*** Opening of DATA SHOWN ***

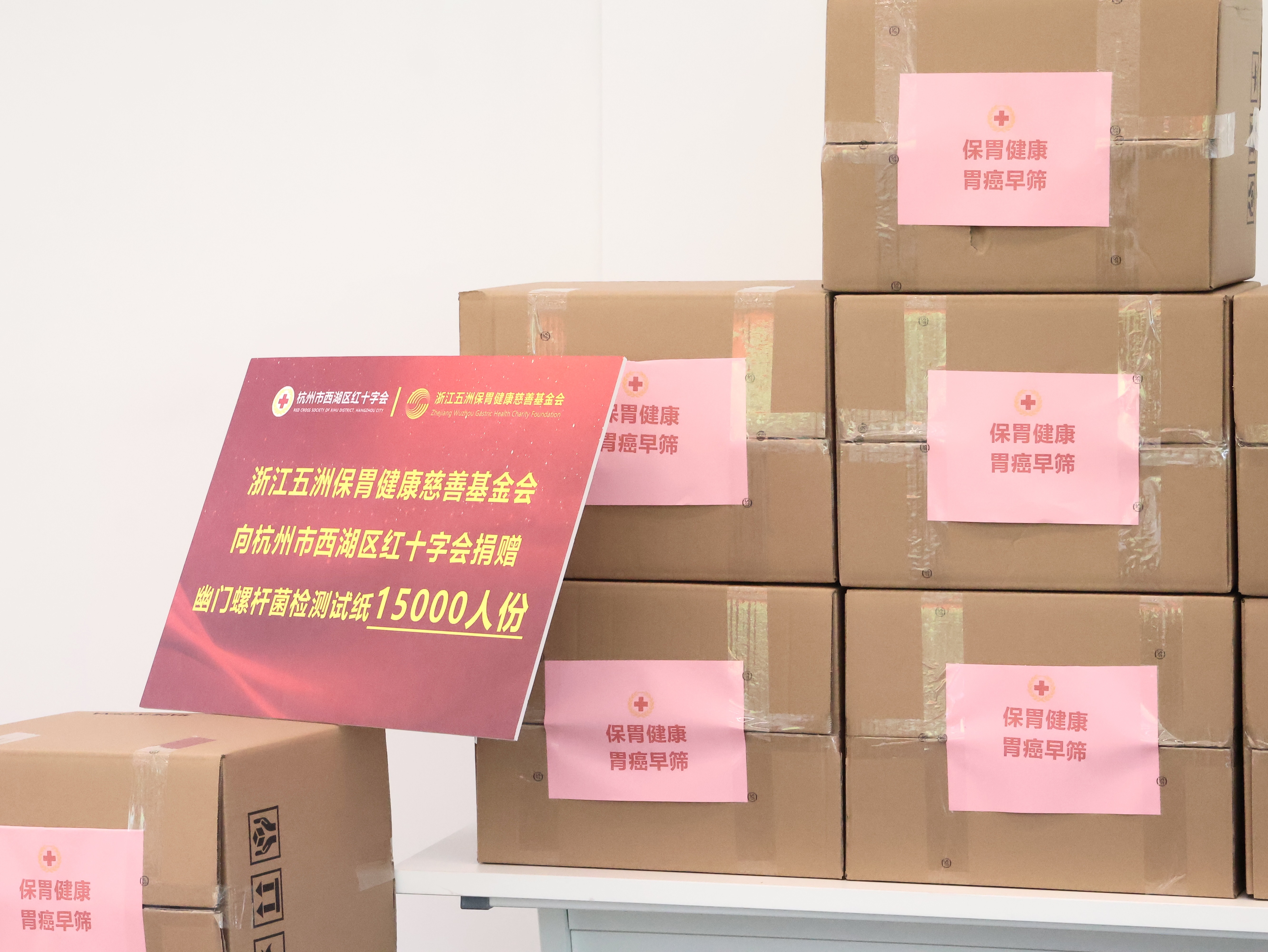 為助力“健康西湖”建設(shè),推動(dòng)胃癌早篩行動(dòng),2024年4月25日上午,浙江五洲保胃健康慈善基金會(huì)特向杭州市西湖區(qū)紅十字會(huì)捐贈(zèng)15000份HP試紙。
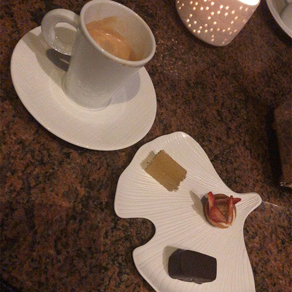 最後はバーへ移動。カフェと小菓子をいただき、お腹も心も満たされた時間を堪能しました。
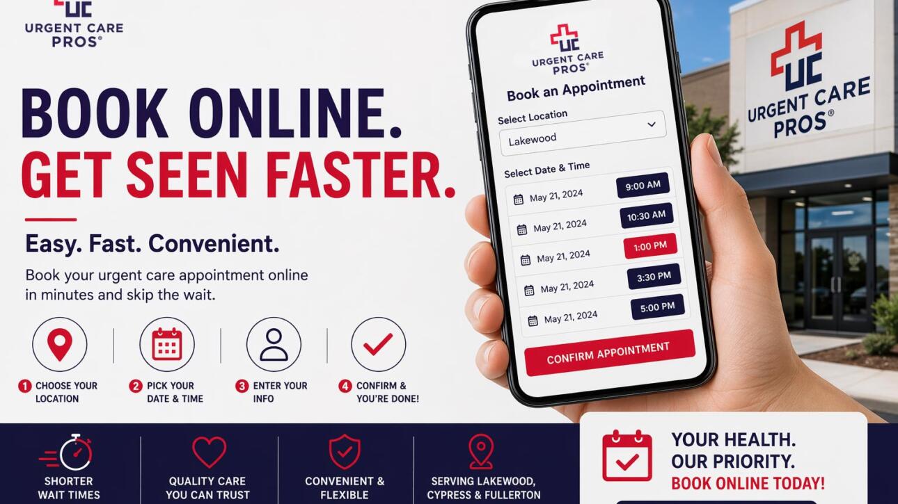 When you’re not feeling well, the last thing you want is to sit in a crowded waiting room or spend time on the phone trying to schedule an appointment. That’s why Urgent Care Pros makes online booking incredibly simple, fast, and stress-free.
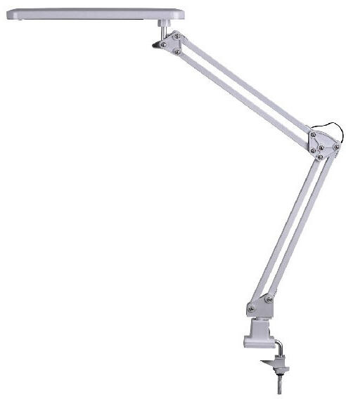Asztali lámpa RÁBALUX Raul LED 5,6W fém ezüst Modern megjelenésű asztali lámpa csavarmenetes, úgynevezett satus rögzítési móddal, beépített energiatakarékos LED fényforrással, 50 cm magassággal, fehér színben. Állítható fém lámpatest és pozícionálható műanyag lámpabúra, tartós kivtelben. A beépített fényforrás 5,6W teljesítmény mellett 350 lumenes fényerőt
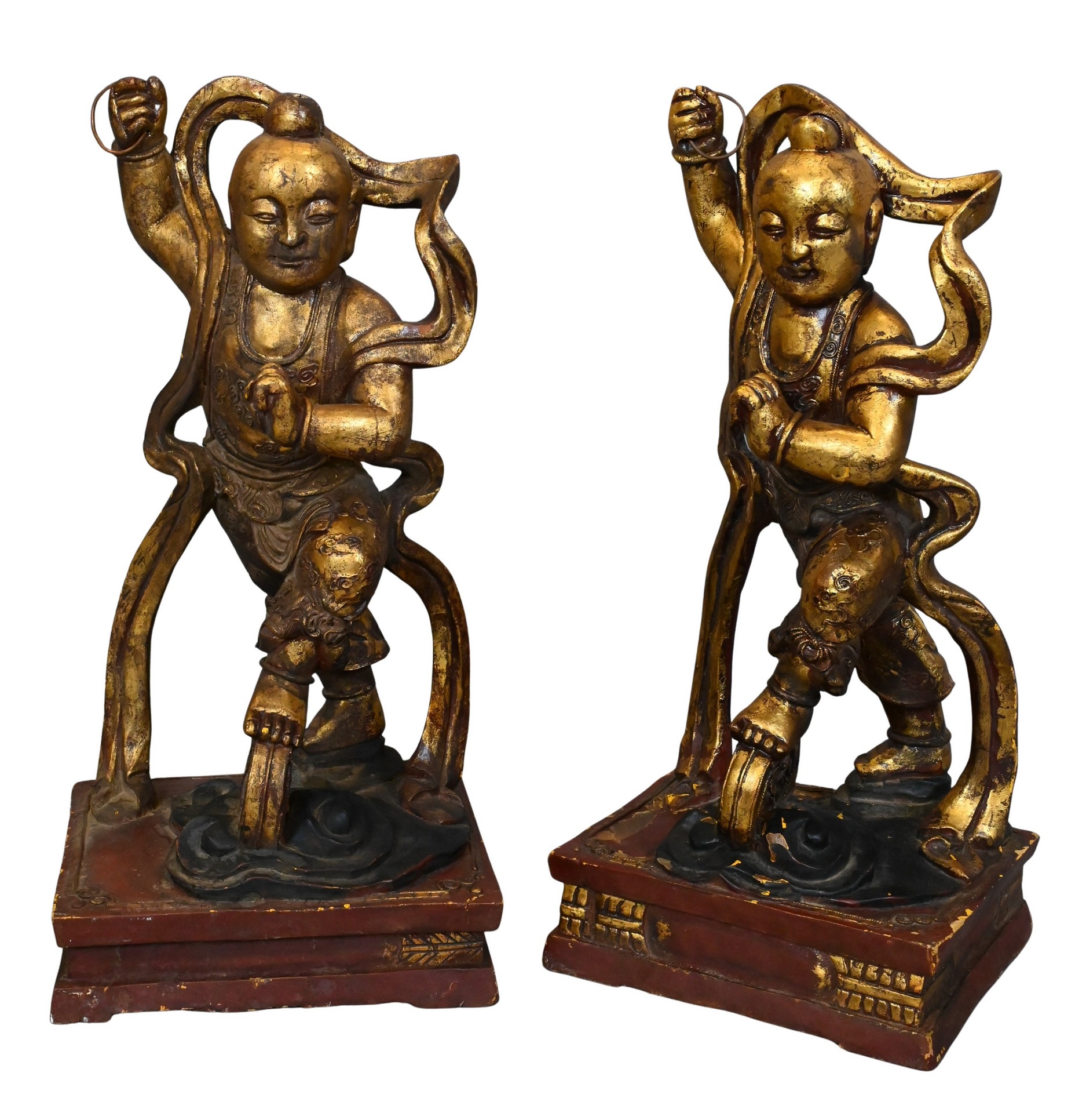 Pair of Chinese Giltwood Figures, Late Qing / Republic Period

*** Close of DATA SHOWN ***

PROBLEM DETAILS
What the answer must hold is the exact text of every line from the one containing "When you’re not" through the end of the data, minus any pictures.

ANSWER TO THE PROBLEM
 When you’re not feeling well, the last thing you want is to sit in a crowded waiting room or spend time on the phone trying to schedule an appointment. That’s why Urgent Care Pros makes online booking incredibly simple, fast, and stress-free.
Asztali lámpa RÁBALUX Raul LED 5,6W fém ezüst Modern megjelenésű asztali lámpa csavarmenetes, úgynevezett satus rögzítési móddal, beépített energiatakarékos LED fényforrással, 50 cm magassággal, fehér színben. Állítható fém lámpatest és pozícionálható műanyag lámpabúra, tartós kivtelben. A beépített fényforrás 5,6W teljesítmény mellett 350 lumenes fényerőt
 Pair of Chinese Giltwood Figures, Late Qing / Republic Period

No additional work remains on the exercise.